Surely pretty much everyone who gets a driving ban 'needs' to be able to drive. Most people don't have cars for no reason. We have them to get to work and to take out dc to school etc.

The point of a ban is to make your life difficult so that you don't do it again.

YouUnlockedTheGateAnd · 27/09/2020 14:24

@YouJustDoYou

This is exactly what I was trying to get across in the SAHP discussion a few days ago and how in the long term anything can happen to make the main breadwinner lose their job and suddenly the sahp is years out of work with zero up to date references.

Your dh better get used to cycling.

Yes, I always think this on the ‘shall I give up my job and be a SAHP‘ threads.

It only takes one thing. Illness, accident, a moments and the poor SAHP is left frantically job hunting with an out of date CV and skills.

Doesn’t help the OP, here of Course, and much sympathy to her situation. But it does need to be a factor in deciding whether to give up work. How screwed would you be if something happened to affect the breadwinners ability to earn.

buzzbuzzbumble · 27/09/2020 14:25

I'm sorry you're in this situation OP, you are not responsible for your DH stupidity, you aren't making excuses for him yet people are giving you a very hard time.

I would tell your DH he has to find his own way of getting to work, even short term driving him to and from work each day will be a major pain for you. A bike electric or traditional seems a good option.

Yesmate · 27/09/2020 14:26

Absolute offence. No defence. Also, a ban is 100% certain. Might be able to reduce it slightly by going on a course. Blowing that much at the side of the road is absolutely deplorable.

canigohomenow · 27/09/2020 14:28

He'll lose his licence OP and you will be facing a significant fine, I would think.

What does he do for work?

I appreciate you must be very stressed but you need to consider yourselves very lucky he only broke his wrist. He could have hit someone and be facing prison time.

thedancingbear · 27/09/2020 14:28

And also, public transport at the moment is obviously an added risk to his health, your health, his DCs health.

I'd rather take my chances of him passing me covid than him running over and killing my kids.

Yesmate · 27/09/2020 14:28

OP I just saw that his car is a write off, coupled with his wrist can one assume that he crashes it last night when he was pissed?

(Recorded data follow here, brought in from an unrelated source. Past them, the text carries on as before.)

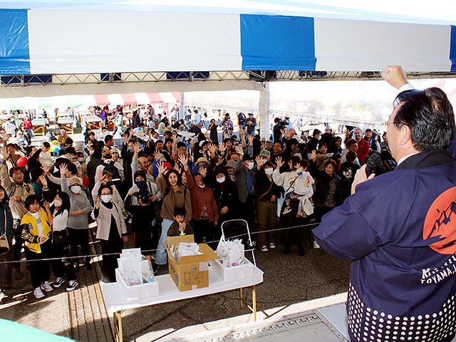 姉妹都市の千葉県九十九里町の浅岡厚町長らも訪れ、同町特産のハマグリがもらえる町長とのじゃんけん大会もあった。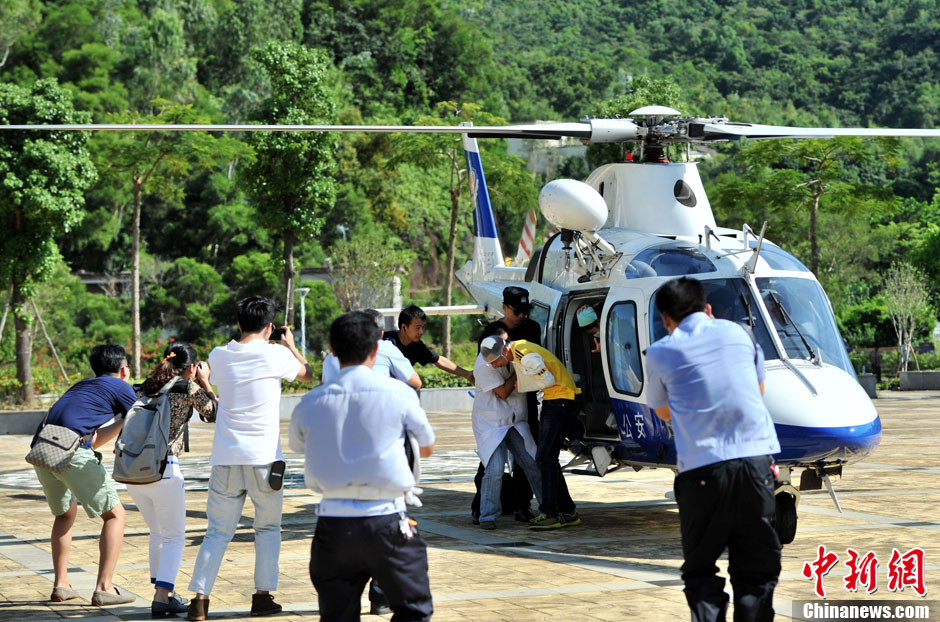 8月27日,深圳市公安局交警支隊(duì)在大鵬新區(qū)西涌舉行突發(fā)交通事故應(yīng)急演練。演練模擬該地區(qū)車流量大,發(fā)生事故后該路段出現(xiàn)擁堵,處置和救援人員無(wú)法進(jìn)入事故現(xiàn)場(chǎng),急調(diào)警用直升機(jī)飛赴事故現(xiàn)場(chǎng)進(jìn)行處置,轉(zhuǎn)移救治“傷員”。中新社發(fā) 陳文 攝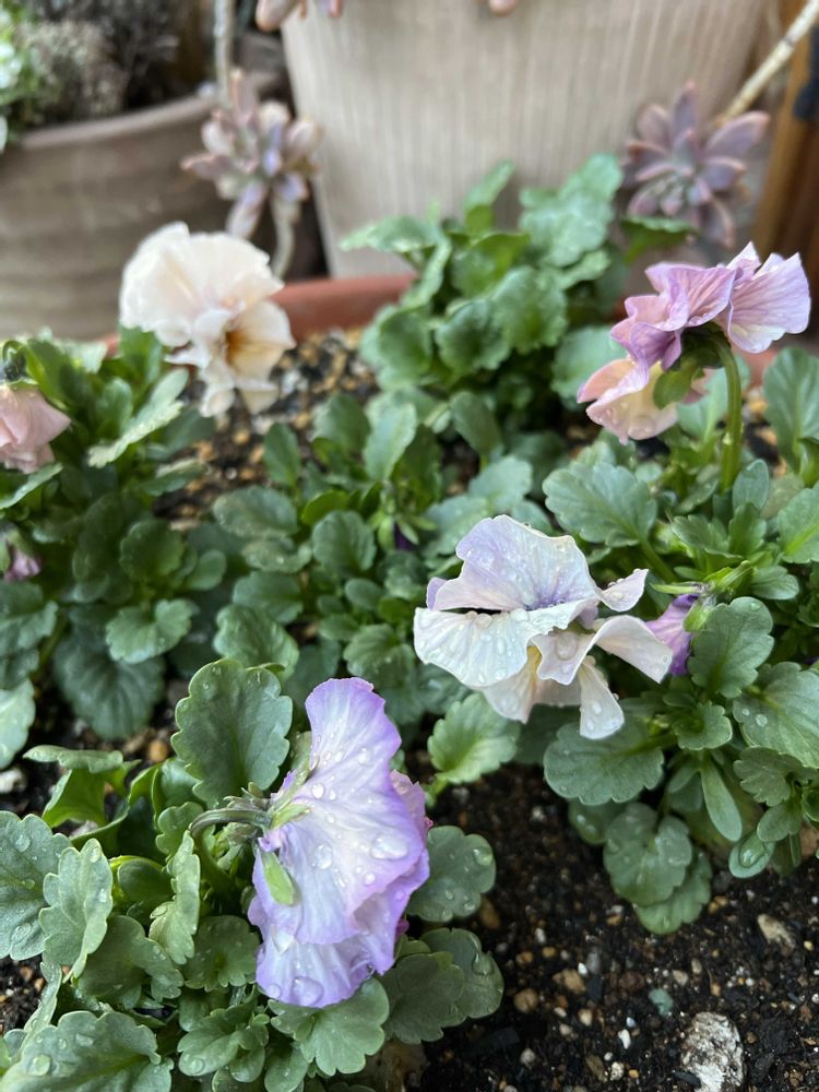 次々と種蒔き組のパンジー、ビオラが咲き出し、我が家の庭も華やかに

unmarkedbythat · 27/09/2020 14:29

I was coming to write a long post about practical ways to manage his commute without a car but op, you have bigger problems than this. You need to accept the seriousness of what he did. Saying that you know it was bad BUT, saying that he can drive your car until the ban, saying he can drive safely with a broken wrist... none of that implies you really get it. People could have died because your DH thinks it's acceptable to drive drunk. If that isn't bad enough, he, sole breadwinner, thinks its acceptable to risk his family's wellbeing like this. There will be a way for him to get to work, it might cost a bit more in terms of money and time and effort, but it will be possible. Stop thinking about that and think about the man you're married to. Why is he so selfish, thoughtless and arrogant? Why are you OK with that?